Вскоре явился Цейтлин с интервьюером и фотографом. Пока интервьюер задавал вопросы, начали собираться гости. Всё это люди, которых мне было страшно интересно увидеть, между тем, приведённый Цейтлиным интервьюер не отставал ни на шаг и выходило преглупо: я то отвечал ему на вопросы, то раздавался стук в дверь и я бежал открывать, – восклицания, объятия, входим назад в номер – тут снова вопрос интервьюера, надо думать, чтобы не ответить глупости; новый стук в дверь и т.д.
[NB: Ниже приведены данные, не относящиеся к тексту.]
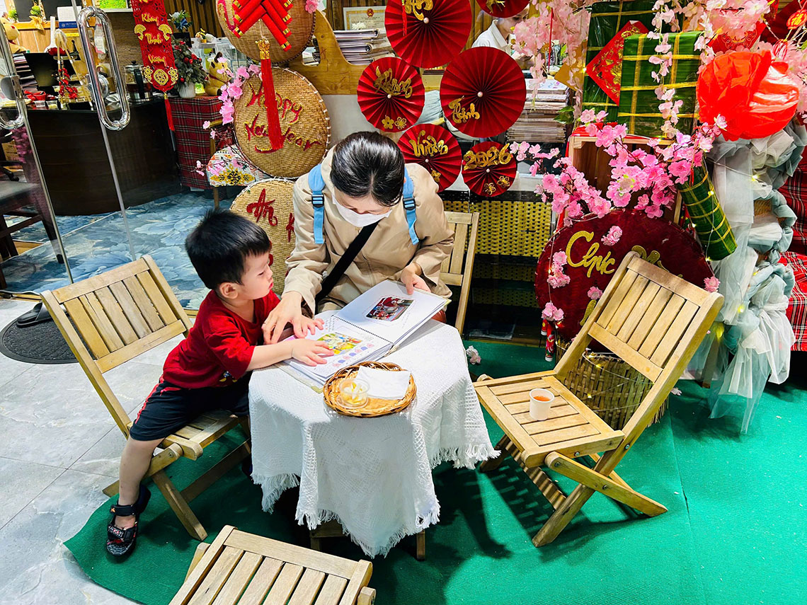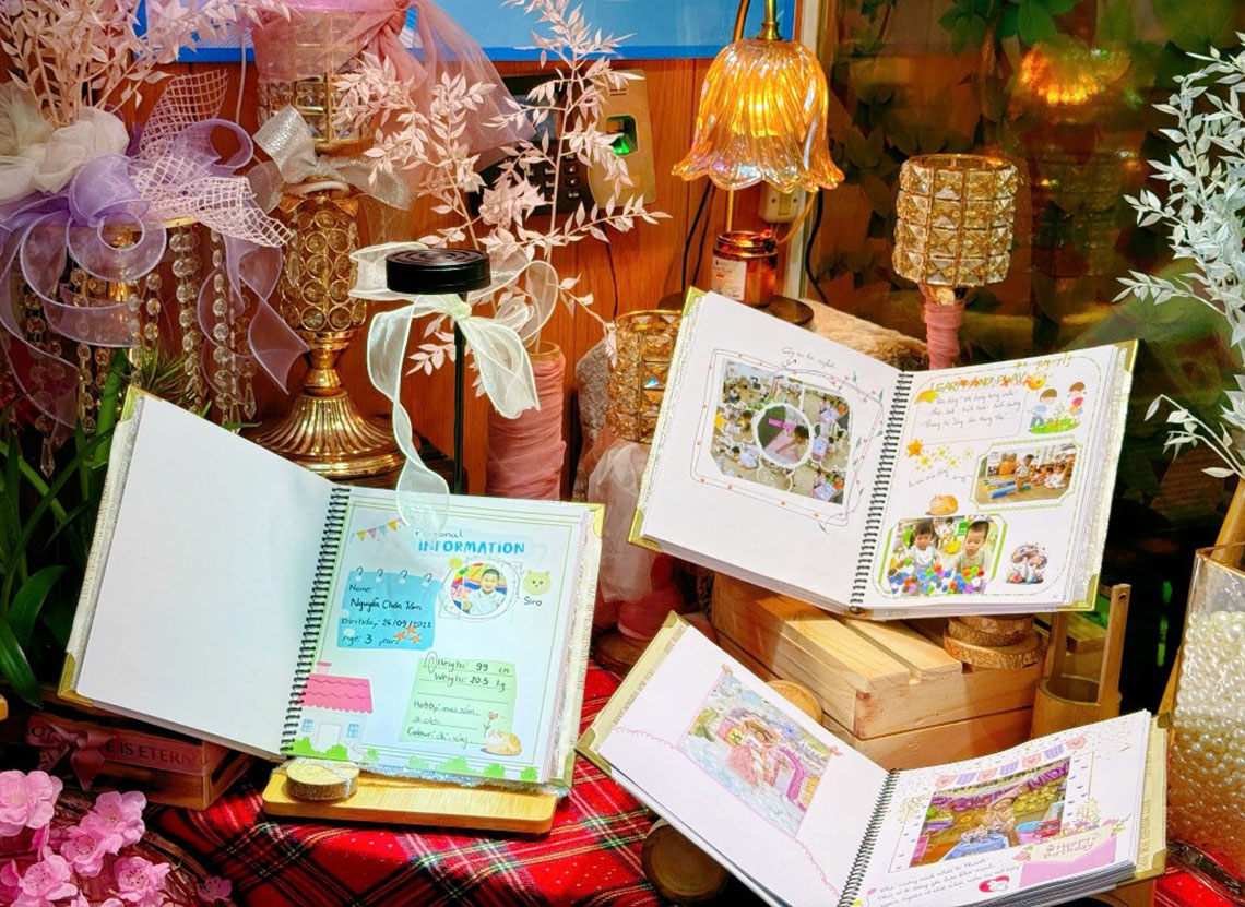 Nhân dịp Tết Đến Xuân Về, nhà trường tổ chức “Triển lãm sổ nhật ký” để ba mẹ và các con cùng nhau thưởng thức, nhâm nhi 1 chút bánh mứt và cùng xem lại hành trình học tập và vui chơi của con tại trường trong học kì vừa qua.

Появился Асафьев, потолстевший и поздоровевший; под пиджаком вместо жилета, рубашки и воротничка – коричневая вязаная куртка, с вязаным воротником до подбородка: тепло и не надо заботиться о чистых воротничках. Затем Мясковский, который в конце концов мало изменился – не скажешь, что десять лет его не видел, а рижская фотография соврала или была снята в тяжёлый момент. Мясковский такой же утончённый, в нём то же очарование. Быть может, на лице появились чуть заметные морщинки, которые подчёркиваются, когда он устаёт, и исчезают, когда он, свежий, появляется с улицы. По-видимому, Мясковский нашёл гораздо больше во мне перемены, чем я в нём. По крайней мере, первое время он долго рассматривал меня и всё усмехался, дивясь, вероятно, тому, что я потолстел и полысел.
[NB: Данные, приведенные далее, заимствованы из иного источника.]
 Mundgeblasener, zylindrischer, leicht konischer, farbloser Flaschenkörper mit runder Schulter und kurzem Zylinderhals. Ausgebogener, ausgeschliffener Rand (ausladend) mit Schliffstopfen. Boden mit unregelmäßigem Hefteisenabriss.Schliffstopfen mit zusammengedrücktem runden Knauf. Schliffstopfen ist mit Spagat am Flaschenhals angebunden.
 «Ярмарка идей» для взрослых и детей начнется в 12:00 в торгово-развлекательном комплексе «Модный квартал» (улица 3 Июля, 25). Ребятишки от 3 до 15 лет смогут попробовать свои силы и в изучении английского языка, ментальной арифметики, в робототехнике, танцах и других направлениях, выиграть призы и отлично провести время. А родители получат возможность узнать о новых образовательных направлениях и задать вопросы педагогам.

За Мясковским появился Сараджев, немножко поседевший, но эффектный и ставший похожим на Никиша. Кроме Сараджева – уже бывшие утром Держановский и Цуккер. Интервью, слава Богу, кончилось, а фотографа заставили снять всю группу. Так как в России пластинки дороги, а ему был приказ снять только заморского гостя, то в начале он как-будто заколебался, снимать не хотел, но когда Цуккер налетел на него и объяснил, что здесь собрались все что ни на есть знаменитости музыкальной Москвы, то он снял нас, и эта группа действительно понадобилась для нескольких газет.
Общий разговор не клеился, так как все были взволнованы и несколько смущены. Мясковский, Асафьев и Сараджев уткнулись в мои новинки, во Вторую симфонию, Квинтет и Увертюру для семнадцати инструментов.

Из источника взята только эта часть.